Dry-run publishes four observation events:

Event Meaning
DRY_RUN_WOULD_TRIGGER All validation rules passed — Interlock would have triggered the job
DRY_RUN_LATE_DATA Sensor updated after the trigger point — would have triggered a re-run
DRY_RUN_SLA_PROJECTION Estimated completion vs. deadline — would the SLA be met or breached?
DRY_RUN_DRIFT Post-run sensor data changed — would have detected drift and re-run

No Step Function executions, no job triggers, no rerun requests. Remove dryRun: true to switch to live mode — DRY_RUN# markers have a 7-day TTL and don't interfere with TRIGGER# rows.

Trigger Types

Type SDK/Protocol Use Case
command Subprocess Local scripts, CLI tools
http HTTP POST Generic REST APIs, webhooks
airflow HTTP (Airflow API) Apache Airflow DAG runs
glue AWS SDK AWS Glue ETL jobs
emr AWS SDK Amazon EMR step execution
emr-serverless AWS SDK EMR Serverless job runs
step-function AWS SDK AWS Step Functions executions
databricks HTTP (REST 2.1) Databricks job runs
lambda AWS SDK Direct Lambda invocation

Pipeline Patterns

The sensor model is Interlock's universal interface. Whether your pipeline is batch, streaming rollup, ad-hoc, or depends on other pipelines — the pattern is the same: write sensor data to the control table, define validation rules, and let Interlock decide when it's safe to run.

The examples below show the relevant sections. A complete config also requires pipeline:, job:, and optionally postRun: and dryRun: fields — see Pipeline Configuration for a full example.

Batch Precondition

Wait for an upstream job to report completion and a minimum row count before triggering a downstream ETL:

schedule:
  cron: "0 8 * * *"
  evaluation:
    window: 1h
    interval: 5m
validation:
  trigger: "ALL"
  rules:
    - key: upstream-complete
      check: equals
      field: status
      value: ready
    - key: row-count
      check: gte
      field: count
      value: 1000

Streaming Rollup Safety

A Kafka consumer processes transactions throughout the day. At close-of-business, a batch rollup must only run when the stream has caught up. The consumer writes lag and record count sensors to the control table:

# schedule.trigger starts evaluation when lag drops below threshold;
# validation.rules re-check at each interval until the window closes
schedule:
  trigger:
    key: consumer-lag
    check: lte
    field: lag_seconds
    value: 30
  evaluation:
    window: 30m
    interval: 2m
validation:
  trigger: "ALL"
  rules:
    - key: consumer-lag
      check: lte
      field: lag_seconds
      value: 30
    - key: record-count
      check: gte
      field: count
      value: 5000
    - key: cutoff-status
      check: equals
      field: status
      value: closed

Cross-Pipeline Dependency

Upstream pipeline handlers write success sensors directly to the downstream pipeline's control table entry (PK = PIPELINE#<downstream-id>). No special cross-pipeline machinery — it's just a sensor write to the right partition key:

# silver-daily pipeline — waits for all 24 hourly runs to complete
schedule:
  trigger:
    key: daily-status
    check: equals
    field: all_hours_complete
    value: true
validation:
  trigger: "ALL"
  rules:
    - key: daily-status
      check: equals
      field: all_hours_complete
      value: true

See interlock-aws-example for the full bronze → silver-hourly → silver-daily dependency chain.

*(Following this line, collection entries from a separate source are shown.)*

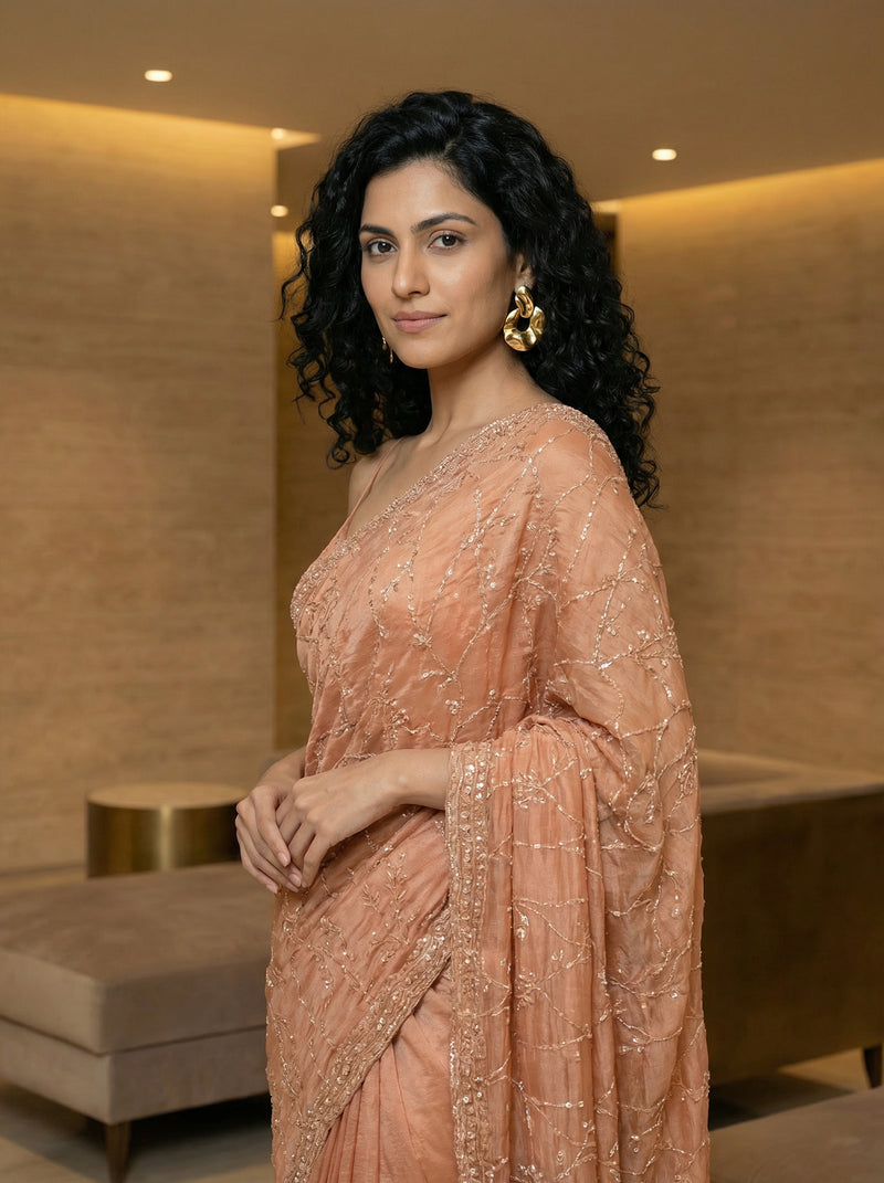 Experience timeless elegance with this exquisite Organza Peach Sequin Pattern Designer Saree. Woven from lightweight organza, this masterpiece showcases an enchanting sequin design that radiates brilliance with every movement. The warm peach hue offers versatility for various skin tones, while the shimmering embellishments create an eye-catching statement. Ideal for weddings, celebrations, and festive gatherings, this saree seamlessly blends traditional craftsmanship with modern aesthetics. Drape it with grace and command attention at any occasion.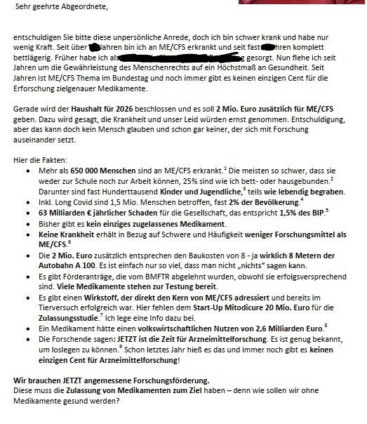 Ich bin ja wie 650.000 Menschen an ME/CFS erkrankt.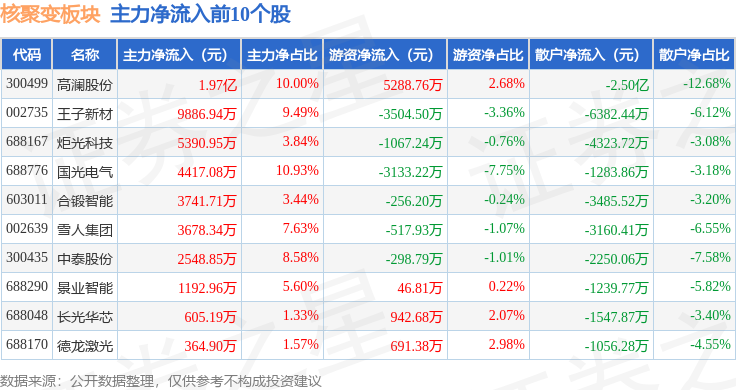 从资金流向上来看,当日核聚变板块主力资金净流出9.25亿元,游资资金净流入1.7亿元,散户资金净流入7.55亿元。核聚变板块个股资金流向见下表: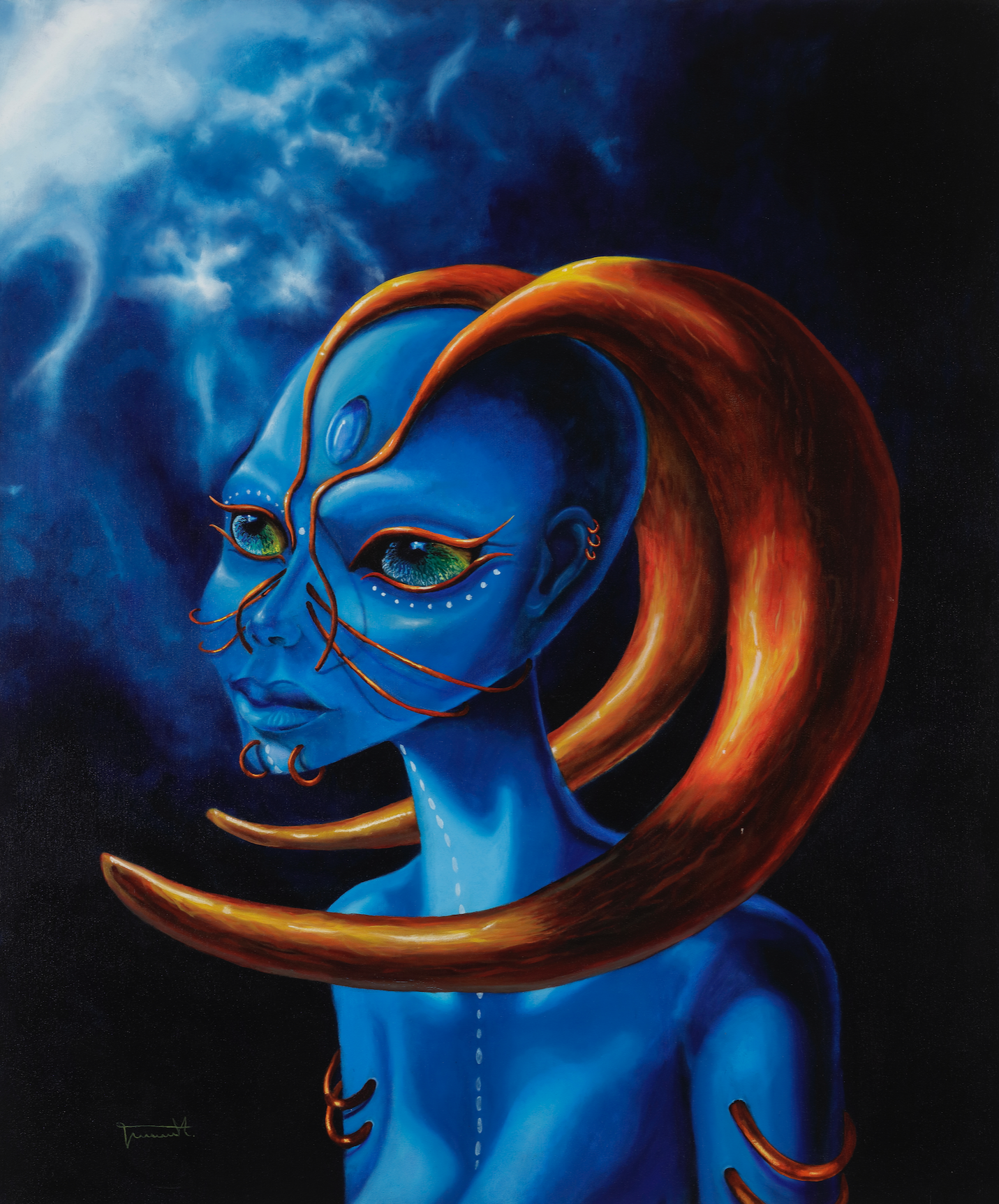 Created when Tatum Careyes was 14 years old, Horn-Y carries a deeply personal meaning. Created by a vision Tatum had months before the passing of her father, this piece is a tribute to his influence and motivation in her life. The painting’s title, was a funny Innocent accident from her kid years, and it stuck over time! This became a lasting symbol of humor and love—a reflection of her father's own humor towards life’s unexpected turns, keeping his spirit and love alive.

Ad-Hoc / Irregular Schedule

For pipelines that run on specific business dates (month-end close, quarterly reporting) rather than a fixed cron. Use an inclusion calendar with a relative SLA measured from first sensor arrival:

schedule:
  include:
    dates:
      - "2026-01-31"
      - "2026-02-28"
      - "2026-03-31"
  trigger:
    key: month-end-ready
    check: equals
    field: status
    value: ready
  evaluation:
    window: 8h
    interval: 10m
sla:
  maxDuration: 4h

Deployment

Interlock ships as a reusable Terraform module — no framework code in your repo.

module "interlock" {
  source = "github.com/dwsmith1983/interlock//deploy/terraform"

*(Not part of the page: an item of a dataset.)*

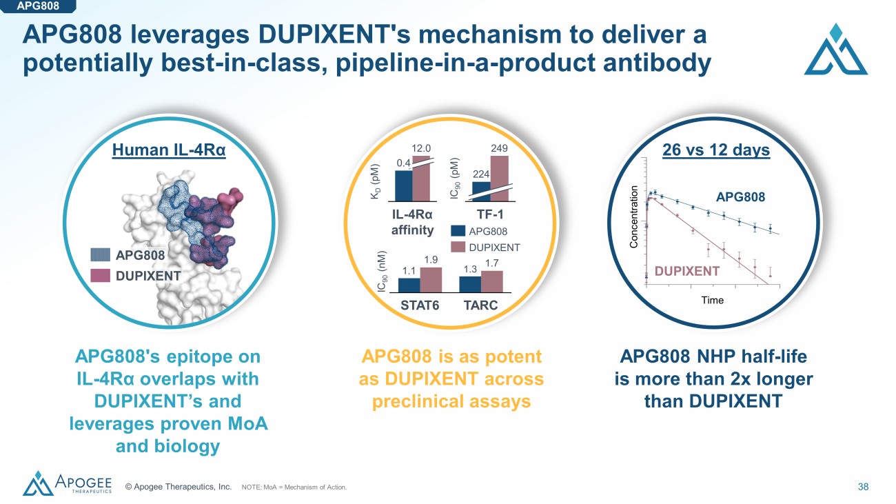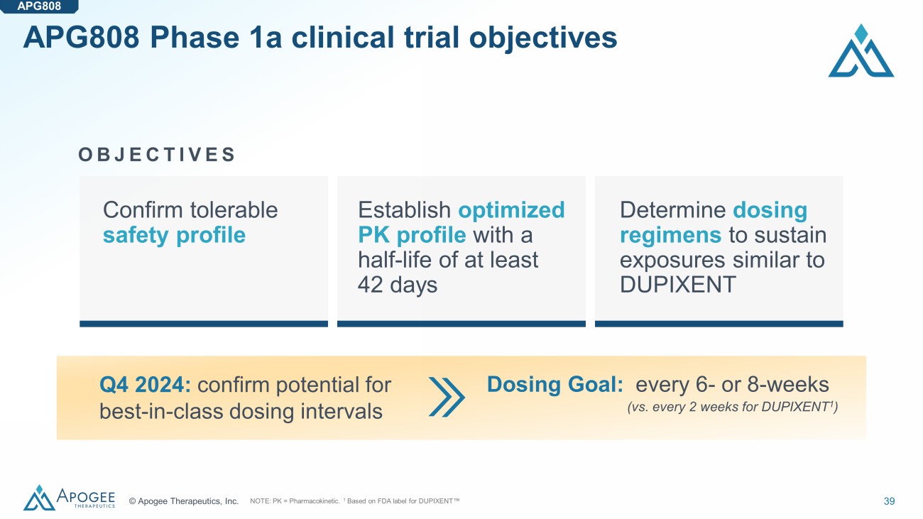38 © Apogee Therapeutics, Inc. APG808 leverages DUPIXENT's mechanism to deliver a potentially best - in - class, pipeline - in - a - product antibody 1.1 1.3 1.9 1.7 STAT6 TARC IC 90 (nM) APG808 Concentration Time 26 vs 12 days Human IL - 4R α APG808's epitope on IL - 4R α overlaps with DUPIXENT’s and leverages proven MoA and biology APG808 is as potent as DUPIXENT across preclinical assays APG808 NHP half - life is more than 2x longer than DUPIXENT NOTE: MoA = Mechanism of Action. 12.0 0.4 IL - 4Rα affinity APG808 DUPIXENT APG808 DUPIXENT IC 90 (pM) K D (pM) 249 224 TF - 1 DUPIXENT APG808

  project_name     = "my-data-platform"
  environment      = "prod"
  pipeline_configs = "s3://my-bucket/pipelines/"
}

The module creates all required infrastructure: DynamoDB tables, Lambda functions, Step Functions state machine, EventBridge rules, CloudWatch alarms, and IAM roles. See the deployment docs for the full variable reference.

Example

See interlock-aws-example for a complete telecom ETL deployment with 6 pipelines, bronze/silver medallion architecture, and a CloudFront dashboard.

Project Structure

interlock/
├── cmd/lambda/
│   ├── stream-router/       # DynamoDB Stream → Step Functions
│   ├── orchestrator/        # Evaluate, trigger, check-job, post-run
│   ├── sla-monitor/         # SLA deadline calculations + alerts
│   ├── watchdog/            # Missed schedule + stale run detection
│   ├── event-sink/          # EventBridge → events table
│   └── alert-dispatcher/    # SQS → Slack (Bot API with threading)
├── pkg/
│   ├── types/               # Public domain types (pipeline config, events, DynamoDB keys)
│   ├── validation/          # Declarative validation rule engine
│   └── sla/                 # Pure SLA deadline calculations
├── internal/
│   ├── lambda/              # Shared types, interfaces, utilities
│   │   ├── orchestrator/    # Evaluate, trigger, check-job handlers
│   │   ├── stream/          # DynamoDB stream routing, reruns, post-run
│   │   ├── watchdog/        # Stale trigger + missed schedule detection
│   │   ├── sla/             # SLA deadline calculation + alerts
│   │   ├── alert/           # Slack notification formatting
│   │   └── sink/            # EventBridge event persistence
│   ├── aws/lambda/          # Lambda context middleware (timeout derivation)
│   ├── handler/             # Stream batch processing (ReportBatchItemFailures)
│   ├── dlq/                 # Dead-letter queue routing, error classification
│   ├── telemetry/           # OpenTelemetry + structured logging with correlation IDs
│   ├── client/              # Circuit breaker for external HTTP calls
│   ├── resilience/          # Exponential backoff retry with jitter
│   ├── concurrency/         # Bounded worker pool (errgroup + semaphore)
│   ├── store/               # DynamoDB storage layer (3-table design)
│   ├── config/              # Pipeline YAML config loading
│   ├── trigger/             # Trigger execution (8 types)
│   └── calendar/            # Calendar exclusion registry
├── deploy/
│   ├── terraform/           # Reusable Terraform module
│   ├── build.sh             # Lambda build script (linux/arm64)
│   └── statemachine.asl.json # Step Functions ASL definition
└── testdata/
    ├── pipelines/           # Sample pipeline configs
    └── calendars/           # Sample calendar exclusion files

Development

make test            # Run all tests
make build-lambda    # Build 6 Lambda handlers (linux/arm64)
make lint            # golangci-lint + go test -race
make audit           # Full quality gate (same as lint, CI blocking)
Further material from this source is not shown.